In 1988, Stephens was nominated and confirmed as United States Attorney for the District of Columbia. He served in that position through the end of the George H. W. Bush administration, overseeing the beginning of the prosecution of Representative Dan Rostenkowski. On March 24, 1993, President Bill Clinton's new Attorney General, Janet Reno, demanded the resignation of all United States Attorneys; the Clinton administration is the first and only administration to do this in over 243 years. Stephens suggested Reno was attempting to impede the investigation of Rostenkowski, a Democrat, but the prosecution continued under his successors and Rostenkowski pled guilty in 1994. After resigning, Stephens became a partner in the D.C. office of Pillsbury, Madison & Sutro. From 1997 to 2001, he was a Corporate Vice President and Deputy General Counsel for Honeywell.

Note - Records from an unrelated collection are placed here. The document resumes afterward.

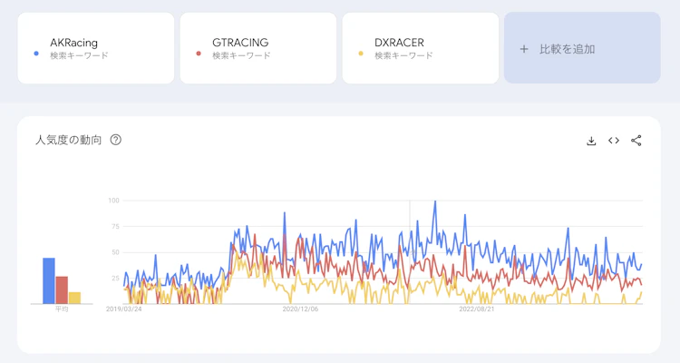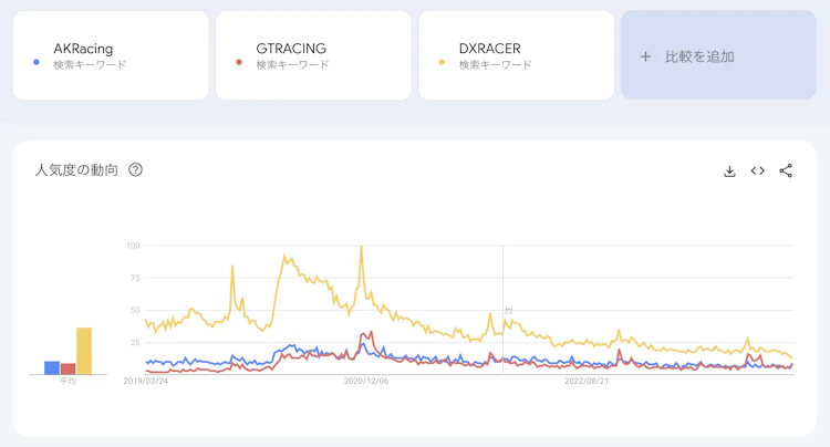 ゲーミングチェアのパイオニアとなったDXRACERですが、実は日本においては後発のAKRacingやGTRACINGに先を越されているのかもしれません。Google Trendsで過去5年の検索ボリュームを確認すると、AKRacing > GTRACING > DXRACERの順になっています。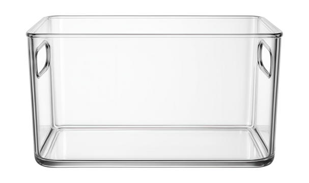 Clear acrylic refrigerator bin with handles, perfect for organizing fruits and vegetables in a home kitchen.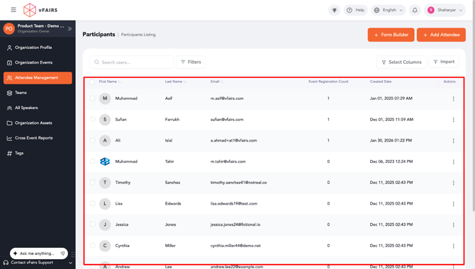 This feature is designed for Organization Owners and Admins who need a "high-level" view of their audience. Use this to find specific attendees, track their activity across multiple events, or perform bulk updates without the manual labor of searching through separate event dashboards.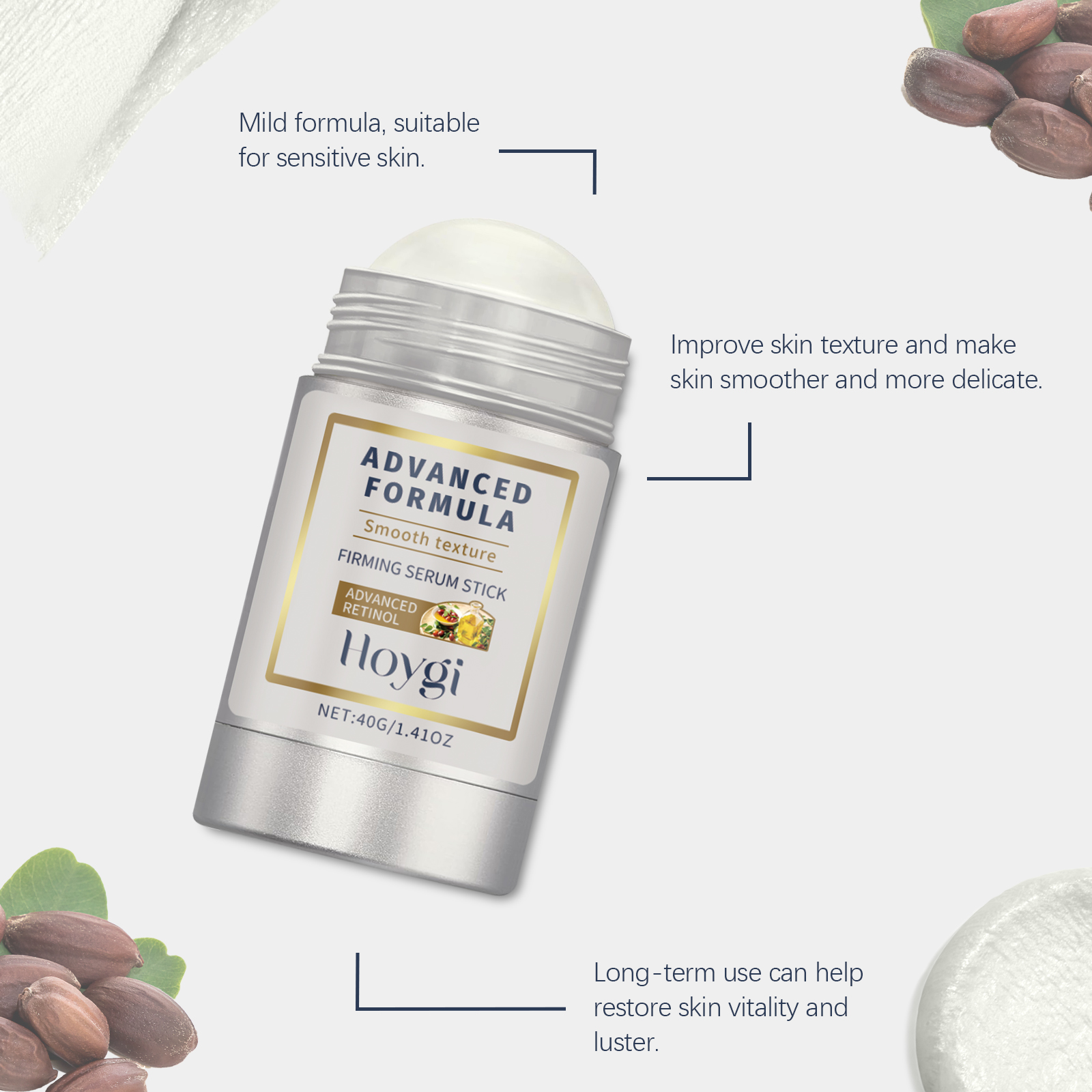Our retinol face firming bar contains hyaluronic acid, camellia extract, and niacinamide. It can even skin tone, lighten skin tone, reduce dullness; Antioxidant, helps to improve skin tone and shine. Promote cell renewal, reduce fine lines, anti-aging. Its application is simple: 1. Clean your skin and pat dry to keep it dry. 2. Evenly apply the serum to the parts that need to be tightened, such as the jaw, neck, forehead, etc. 3. Gently massage the skin to promote absorption. Highly effective ingredients help improve skin firmness and relaxation. Hyaluronic acid provides strong moisture and keeps skin hydrated.

When George W. Bush became president, he nominated Stephens to be United States Associate Attorney General, and the Senate confirmed him on November 8, 2001. On September 27, 2002, he announced his resignation, effective October 7, to become Senior Vice President and General Counsel at Raytheon. He left Raytheon in 2015 and is currently of counsel at Kirkland & Ellis.